The Court of Appeal concluded that that the higher dispute threshold was the appropriate standard. As it is within the court’s inherent jurisdiction to prevent abuse of the court process, a balanced approach is required to prevent frivolous disputes from being alleged just to stave off the presentation of a winding up petition when, in fact, there is no genuine dispute of debt.

Judgment

Permission to appeal to the Federal Court was granted, with the fundamental issue before the Federal Court being the standard or threshold that a debtor must meet to restrain a presentation of a winding-up petition if the alleged debt is subject to an arbitration clause.

The Federal Court rejected the Salford approach and endorsed the higher threshold, the bona fide threshold, set out in Sian Participation.

The court held that a court’s role when hearing a winding-up petition is to determine whether the debtor is insolvent in order to decide if a collective process should be started for the orderly distribution of the debtor’s assets on a proportionate (pari passu) basis; the court is not adjudicating on a dispute which is a subject matter of the arbitration agreement. It is therefore not justifiable to import the statutory provisions of the Arbitration Act 2005 into the statutory provisions for winding-up under the Companies Act 2016.

The Federal Court decision was also driven by the need to balance the policy of party autonomy that underpins arbitration with the policy considerations for winding-up, including the need to preserve the assets of an insolvent company for distribution to its creditors. Giving undue weight to the arbitration process would defeat these policy considerations and undermine the policy objectives of the law relating to a company’s winding-up.
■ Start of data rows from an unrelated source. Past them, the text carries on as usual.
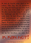 Ben jij er klaar voor om je leven niet meer te laten regeren Bestel dan vandaag nog deze baanbrekende cd en profiteer aanbieding Bestel uiterlijk 15 december 2013 en je betaalt slechts 24,95 je ontvangt een miniboekje t.w.v. 2,95 cadeau én je betaalt geen verzendkosten! Op de cd hoor je onder andere hoe ik van een pestkop af kwam, hoe ik mijn overgewicht kwijtraakte, hoe ik een tegenstander neutraliseerde, hoe ik een groeiende moedervlek liet verdwijnen, en hoe ik van iemand die ik haatte één van mijn beste vriendinnen maakte. En natuurlijk hoe je die technieken in jouw leven kunt toepassen. Over mijn vorige cd "De 9 Affirmaties" kreeg ik onder andere deze reacties: "Ik heb de nieuwste workshop van je beluisterd en ik moet zeggen dat je jezelf overtroffen hebt. Wat is hij goed, ben er ontzettend blij mee!" "Super mooie cd met een prachtige stem, heeeeeeel knap gemaakt." "Je mooie en lieve stem en geweldige tekst hebben mij om beurten kippevel, aha-momenten en de tranen over mijn wangen laten stromen." "Fantastisch! De cd heeft heel veel deurtjes geopend. Wat een cadeautje." "Ik vind deze cd echt geweldig. Vele affirmatie cd's heb ik beluisterd maar deze sprong er echt uit. De cd is overzichtelijk en op een fijne manier ingesproken. Het heeft me heel veel nieuwe inzichten gegeven!!! Ik ben superblij met deze aankoop en het is zeker de moeite om dit aan te schaffen. Edith, bedankt!" Bestel direct, vul het formulier hieronder volledig in en klik op "verzend mijn bestelling".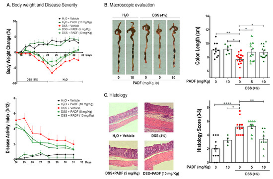 Animals were randomized into control (vehicle), colitis-control (DSS group), and treatment groups (n = 6–17). Colitis was induced with 4% (w/v) DSS in drinking water during two seven-day cycles, separated by ten days of regular water. Two doses of PADF (5 and 10 mg/Kg) were administered intraperitoneally (i.p.) during seven days after DSS withdrawal, while the control group was treated with saline. Body weight and disease activity index (DAI) were monitored exhaustively [12]. Macroscopic parameters, such as colon length and weight/length ratio were also measured after mice sacrifice.
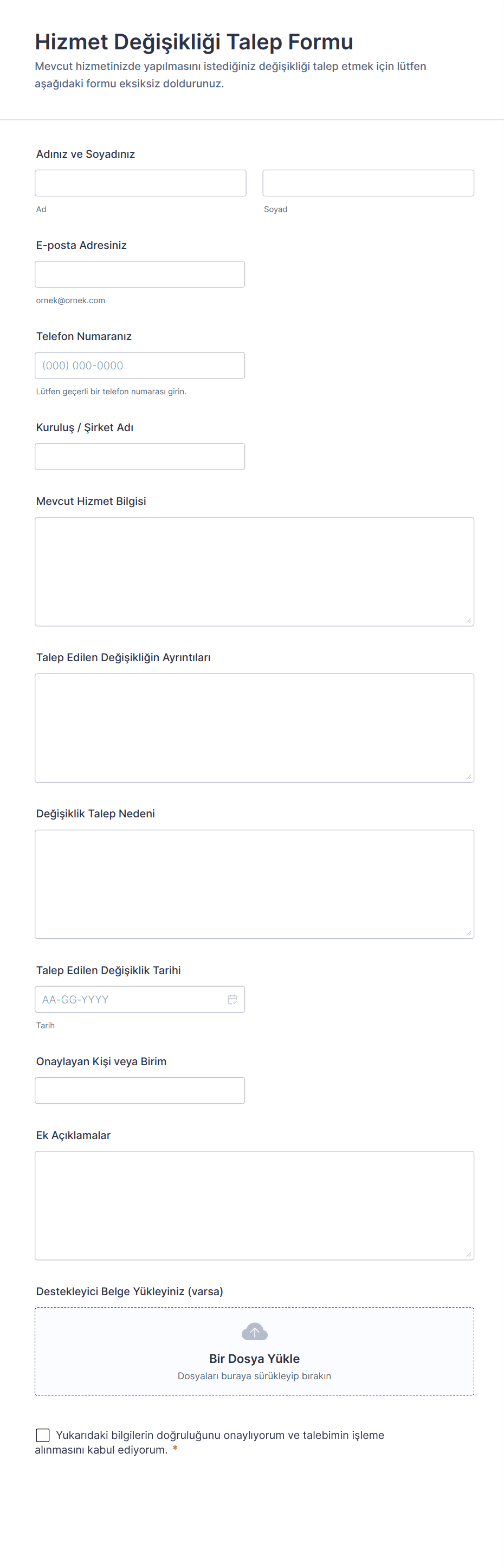 Yaygın kullanılan alanlar alanlar arasında talep eden kişinin bilgileri (ad, iletişim bilgileri), talep türü, açıklama veya gerekçe, öncelik seviyesi, destekleyici belgeler ve ilgili tarihler veya son tarihler bulunur.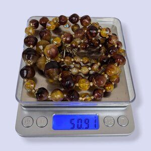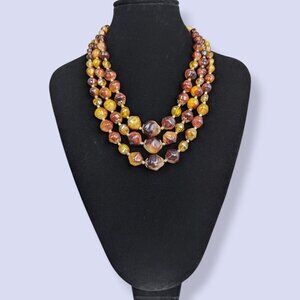 V. 3-Strand Brown & Yellow Beaded Statement Necklace

A balance is achieved by adopting the higher threshold of assessing whether a debt is genuinely disputed on substantial grounds when deciding whether to allow, restrain, or dismiss a winding-up petition involving a disputed debt that is subject to an arbitration agreement.

In the present matter, the Federal Court found that even under the bona fide dispute threshold, the existence and quantum of the alleged debt were indeed genuinely disputed on substantial grounds.

However, as the debt was not clearly established on the facts, an injunction to restrain a winding-up petition was justified. The court found that the parties should resolve the merits of their dispute in arbitration as originally agreed and reversed the Court of Appeal’s decision.

Comment

This decision is a landmark apex court decision that resolves longstanding tension between arbitration and insolvency law in Malaysia, by providing much-needed guidance on how Malaysian courts should approach winding-up proceedings where the alleged debt is subject to an arbitration agreement. Departing from the Salford decision that has been adopted in some other jurisdictions, the Federal Court affirmed that the appropriate standard is the higher threshold of whether the debt is genuinely disputed on substantial grounds.

The mere existence of an arbitration agreement does not, by itself, preclude the court from entertaining a creditor’s petition. If the debt is not genuinely disputed, creditors ought not to be deprived of their statutory right to initiate winding-up proceedings.

Accordingly, parties involved in such disputes must be prepared to substantiate their claims or defences with a sufficient factual basis. Bare assertions and reliance on the existence of an arbitration agreement will not suffice. The debtor must show a real, bona fide dispute grounded in substantial facts.

From a policy perspective, the decision strikes an important balance. On one hand, it upholds the principle of party autonomy that underpins arbitration - courts will honour the parties’ agreement to resolve disputes privately, where appropriate. On the other, it ensures that arbitration agreements are not used as a shield against insolvency law, which serves a broader public function by preserving an insolvent company’s assets for fair distribution among all creditors.